Both Serbian President Aleksandar Vučić and Thaçi have committed to reach a peace deal that will close all the open issues between the two countries and lead to Serbian recognition of Kosovo. Reports suggest that land swaps between the two countries could be part of a final agreement.
While US National Security Advisor John Bolton has maintained that Washington would be comfortable with land swaps as part of a larger peace deal, many fear that border adjustments could reignite violence in the border villages.
In a September interview with the New Atlanticist, Kosovo’s prime minister, Ramush Haradinaj, argued that the “rhetoric [about land swaps] has created an environment that is hostile to a solution.”

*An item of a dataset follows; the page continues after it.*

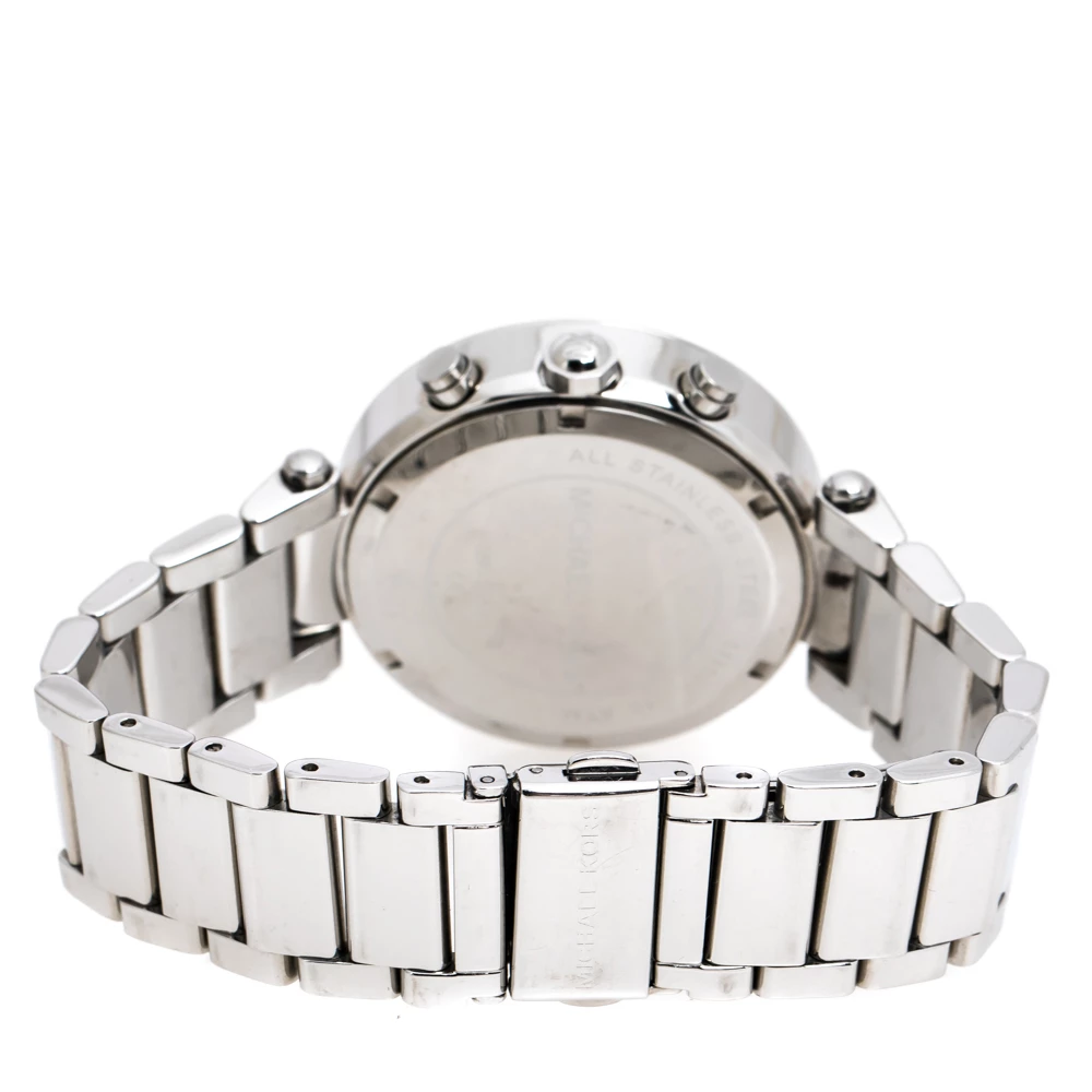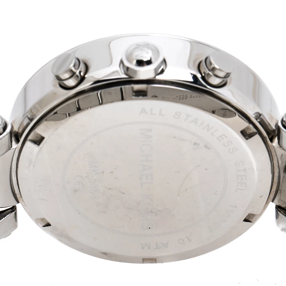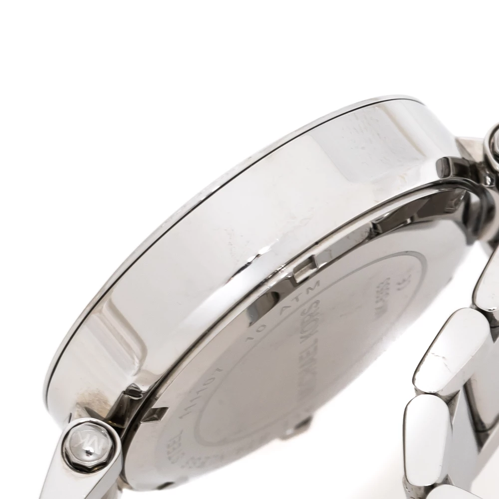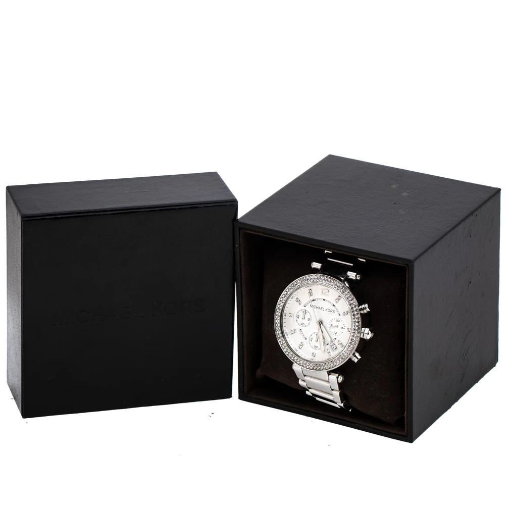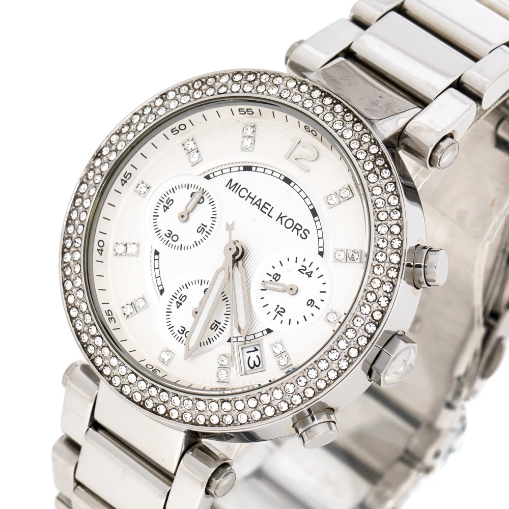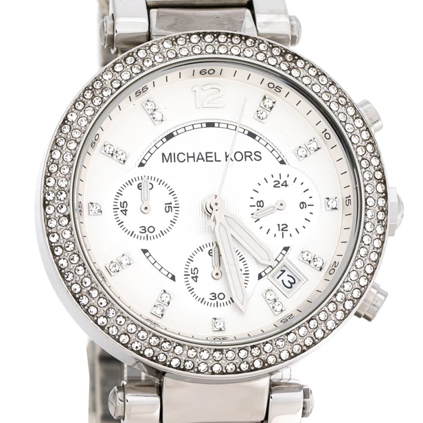 Set to shine on your wrist, this Michael Kors watch comes in a delighting gathering of the finest features. It has been wonderfully crafted from stainless steel and designed with a bezel decorated with crystals. The scratch-resistant mineral glass protects a silver dial that has crystal hour markers, a date window and three subdials. Lastly, the creation is topped by a water resistance of 100 meters and held by a bracelet with a push-button release.
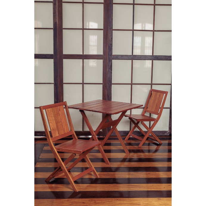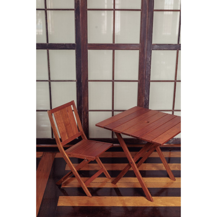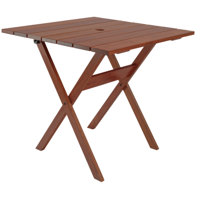 Mesa cuadrada de 80 cm en madera Jatobá FSC, con diseño plegable y espacio para sombrilla. Elegante, resistente y funcional para interiores o exteriores cubiertos.

Haradinaj doubled down on his criticism of the swaps in a November 28 op-ed in The Washington Post accusing Vučić of only recognizing Kosovo “if we give [Serbia] part of our territory.”
Thaçi was clear that “in terms of the agreement, nothing is agreed to yet,” but pushed back on the idea that limited land swaps should be off the table. He argued that there was no “example where two countries have reached a peace agreement without sitting down and defining where the border is between them.” He pointed to recent Kosovo negotiations with Montenegro, which clearly defined the borders and received the support of Kosovo’s parliament.

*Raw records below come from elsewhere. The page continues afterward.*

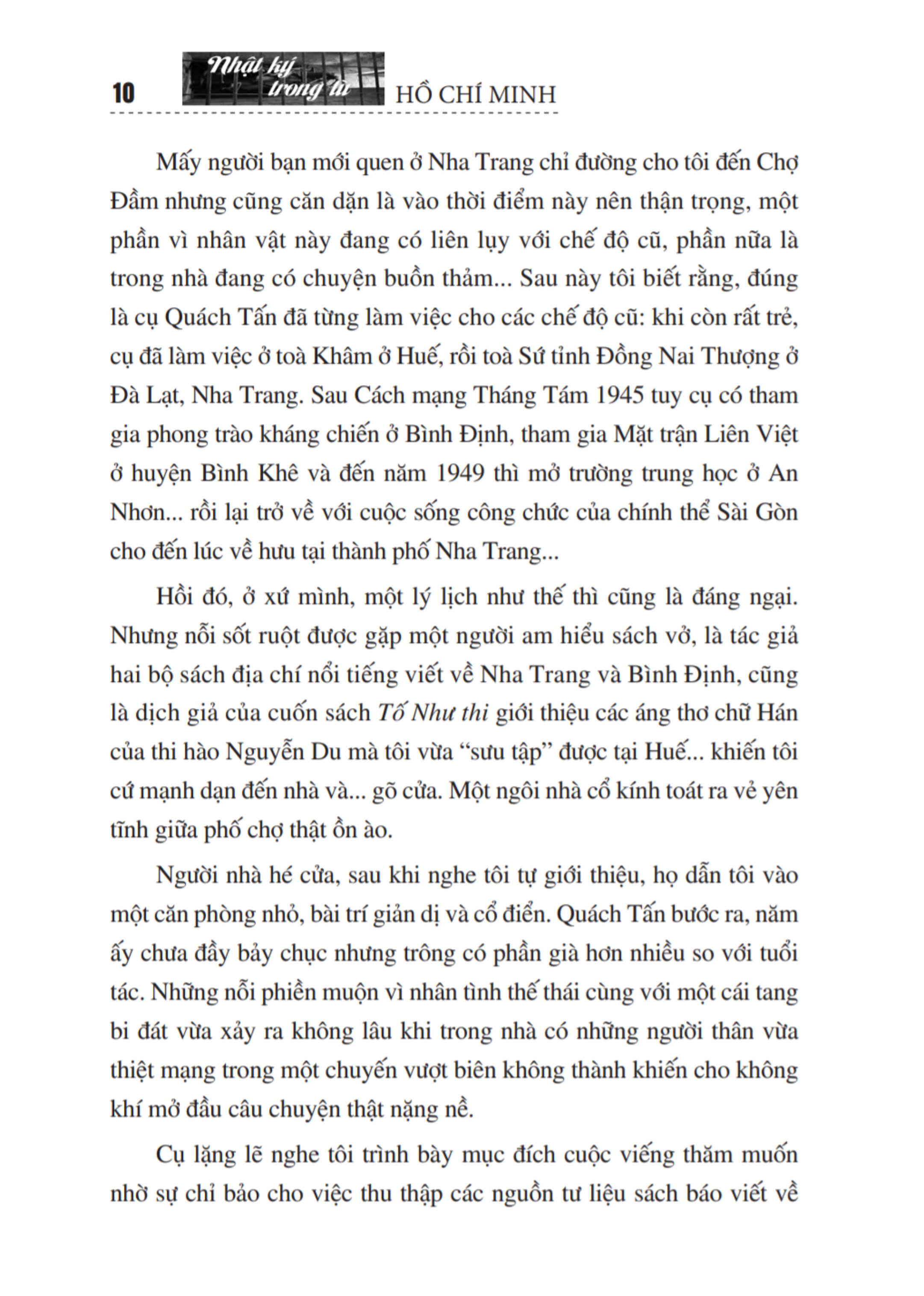 Với tấm lòng cảm phục Chủ tịch Hồ Chí Minh, nhà thơ Quách Tấn, một dịch giả thơ chữ Hán tài năng đã dành nhiều tâm huyết, công phu để dịch tập Nhật ký trong tù và nhờ một vị túc nho là nhà thư pháp Trần Thúc Lâm viết phần chữ Hán. Tập thơ được trình bày bằng lối thể hiện mới lạ, đặc biệt.
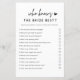 Minimalistiska vem känner bruden bäst bröllopsdusch spelkort
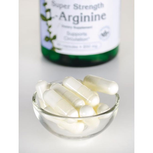 Swanson L-Arginin maksimalne snage je antioksidativna aminokiselina koja potiče proizvodnju dušikovog oksida, spoja koji pomaže u održavanju zdravih i protočnih krvnih žila

Thaçi dismissed what some see as an effort by Haradinaj to pressure him out of supporting the land swaps. “I don’t know a case anywhere in the world where two countries after a centuries-old conflict reached a peace agreement with 100 percent support of their own constituents,” Thaçi said.
He strongly pushed back on those who say that in pursuing a deal with Belgrade he has “[forgotten] that Serbia has killed 13,000 Albanian civilians in Kosovo. They are mistaken—I have not forgotten. I have not forgotten about 20,000 victims of sexual violence.” But, he argued, in a negotiation as difficult as his current talks with Belgrade, “you have to make a compromise even if you are 100 percent right.”
Thaçi’s visit to Washington, which also included meetings with US Secretary of State Mike Pompeo and Bolton, came just days after Haradinaj’s government drew the ire of Vučić and EU leaders by imposing 100 percent tariffs on Serbian goods entering Kosovo. The tariffs were justified, Haradinaj claimed, due to Serbia’s campaign to block Kosovo from Interpol and the recent string of nations who have unrecognized Kosovo.
While not directly criticizing Haradinaj’s moves, Thaçi maintained that the way to avoid the “fights, disagreements, and attempts to block each other,” was by pursuing a compressive peace deal.
“In these current circumstances, no one is a winner,” Thaçi explained, and “the EU has told us very clearly that they will not take us inside [the Union] until we resolve all the open issues.”
Thaçi was confident that a comprehensive deal would greenlight Kosovo’s admittance to Interpol, the United Nations, and other international organizations, as well as clearly the way for EU and NATO membership. “In the Balkans,” Thaçi said, “you either move forward or backward. The status quo never stands.”
According to Damon Wilson, executive vice president of the Atlantic Council and the event’s moderator, Serbia and Kosovo’s potential is a “story of former adversaries becoming allies [and] is the powerful story that stands behind Europe’s story and NATO’s story.”